Throughout her explorations she has remained fascinated by the ambiguity of glass:  its familiarity among the accoutrements of daily life—mirrors, windows, spectacles, stemware—and simultaneously its sharpness and ability to harm.  With an irony that manages to feel more empathetic than smug, she has built a style around an uncanny ability to suggest the danger in beautiful things and the beauty in dangerous things.  Certain representational objects have lent themselves well to this strategem and become repeating motifs.  In Levenson’s hands, weapons such as hand grenades, pistols, and knives are defused, unloaded, dulled, and grouped in seemingly benign shadowbox displays, their sinister qualities muted by matte surfaces and pretty pastels.  With its quartet of pink grenades in a Depression Glass-style fruit bowl, the piece Something Wrong (2005), in the collection of the New Mexico Museum of Art, illustrates the artist’s knack for counterposing banality and treacherousness.  She deploys other objects, such as perfume bottles, makeup containers, children’s toys, dresses, and furniture, to cast a skeptical eye on phenomena including romantic love, domestic life, self-help books, and antidepressant drugs.  Of this latter, Levenson believes that societies around the world have come to expect “a cosmetic of happiness, where we all have to look beautiful and happy and young...  We have become allergic to pain and suffering.  The tendency is to think, ‘I don’t like my nose; I will change it.’  ‘I feel bad because I lost somebody I love; I will take a Prozac.’  We believe that happiness is something we can put into our bodies, instead of something that happens when we really find ourselves.”

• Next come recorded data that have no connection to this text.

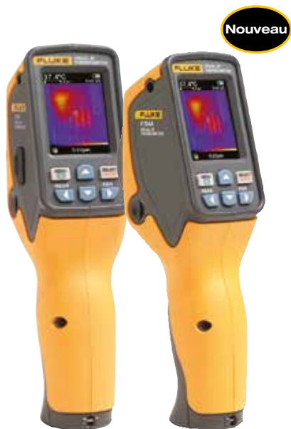
Fluke VT04 et VT04A
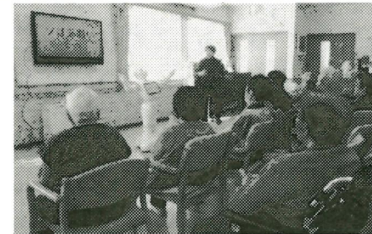
すでに介護現場で採用

回想法ではPepperと一緒に昔の絵などを見ながら会話することで、高齢者のコミュニケーション機会を創出。認知症予防効果も期待される。またPepperがレクリエーションを進行することで介護職員の負担軽減を図る。これまでに介護事業所で20回以
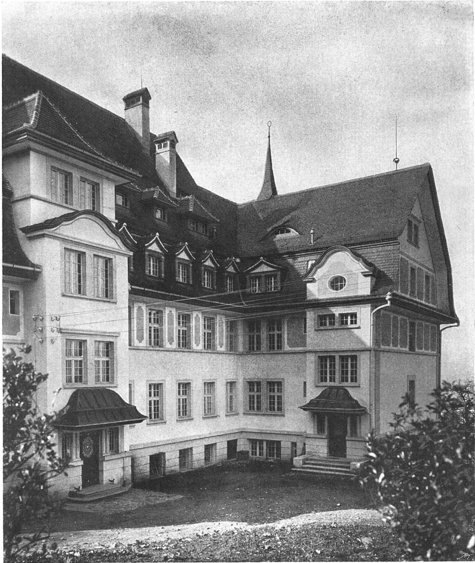
Ansicht der Nordfassade

Das Nervenanstorium „Franziskusheim“ in Oberwil bei Zug
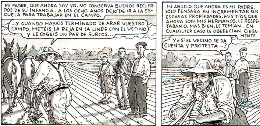
Figure 2. Antonio Altarriba et Kim, El arte de volar , Alicante, 2009, p. 19, cases 1-2

même prénom et le même nom, tous deux s'appelant Antonio Altarriba. Le fils, par la force d'un dédoublement patronymique, est donc son père, et vice versa. Inutile de dire que le fils a largement profité de cette particularité nominale pour fixer les règles de son contrat de lecture.
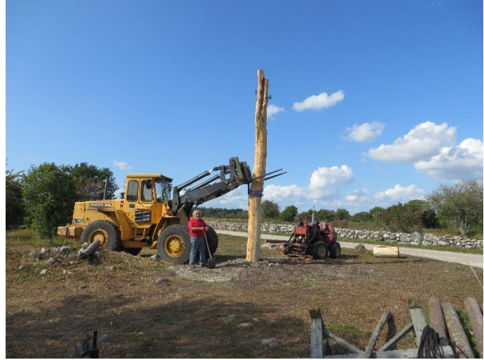
Resning av stammen
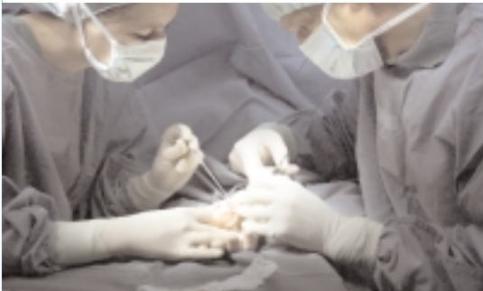
Die neue Station
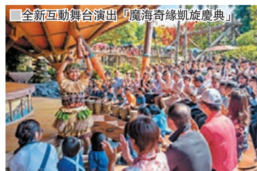
全新互動舞台演出「魔海奇緣凱旋慶典」
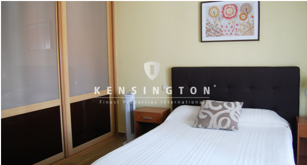
Captura de pantalla 2023-10-23 121530
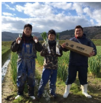
小西農園の園主と従業員（10・20代）

2, 3年前まではJAに100%出荷していたが、現在は販路を開拓し、JA以外にも生協、直売所（2カ所）、焼き鳥店などの県外の顧客にも販売している。
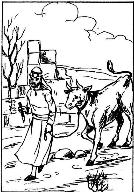
السارق يقود الثور إلى مصرعه في خربة من الخربات

A restless intellect, she has in recent years added digital video to her repertoire of media.  In short films such as Everything is Okay, she sets up scenarios of immaculate homely bliss, only to pull the rug out from under her players as they grapple with life’s chaos via the crutches of alcohol, pharmaceuticals, and New-Age meditation.  “My experience as a small girl,” she remembers, “was that my father and mother loved my sister and myself, but I never felt protected by them.  So my life was about the lack of protection.”  In her art, then, the family unit’s inability to offer failsafe shelter lies at the root of a mistrust of power structures and social institutions.  Fair is foul, and foul just might be fair, her work hints.  Stasis, equipoise, and even beauty are suspect, for they may harbor seeds of corruption.

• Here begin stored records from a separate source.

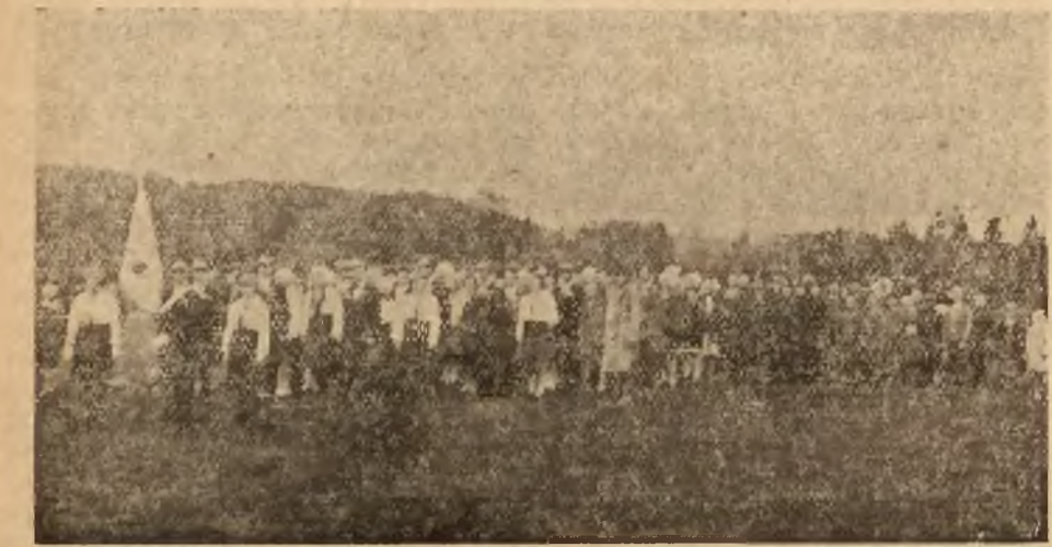
Spójnia Młodzieży R. O. K. w Uzdryholowiczach w strojach korporacyjnych ze sztandarem udaje się do kościoła.

O godzinie 9 rano, Spójnia Młodzieży R. O. K. w strojach korporacyjnych jak również
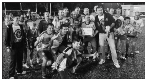
Móveis Zagonel/ Real TKF foi campeão no Veterano
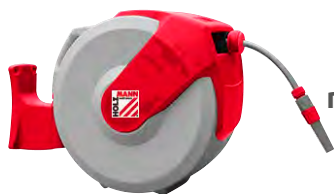
Slönguhjól WSR20M - vatn með veggveiflu 14.723 kr.
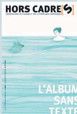
illustration : Juliette Binet

La revue Hors Cadre[s] , publiée conjointement par l'atelier du poisson soluble et les éditions Quiquandquoï, propose des regards croisés de critiques et de créateurs sur la production contemporaine d'albums et, plus généralement, sur les supports associant textes et images.

These cautions notwithstanding, Levensen still clings to the utopianism of her revolutionary past:  “In the 1970s, the young people in Argentina had the expectaction that we would change the country—not in the future but right away, tomorrow morning!  You can almost touch this feeling in all the people in my generation, even all these years after.”  This feeling, she concludes, “modified completely my vision of life and the way I do my art, because it made me realize, no matter what happens, I am a survivor.”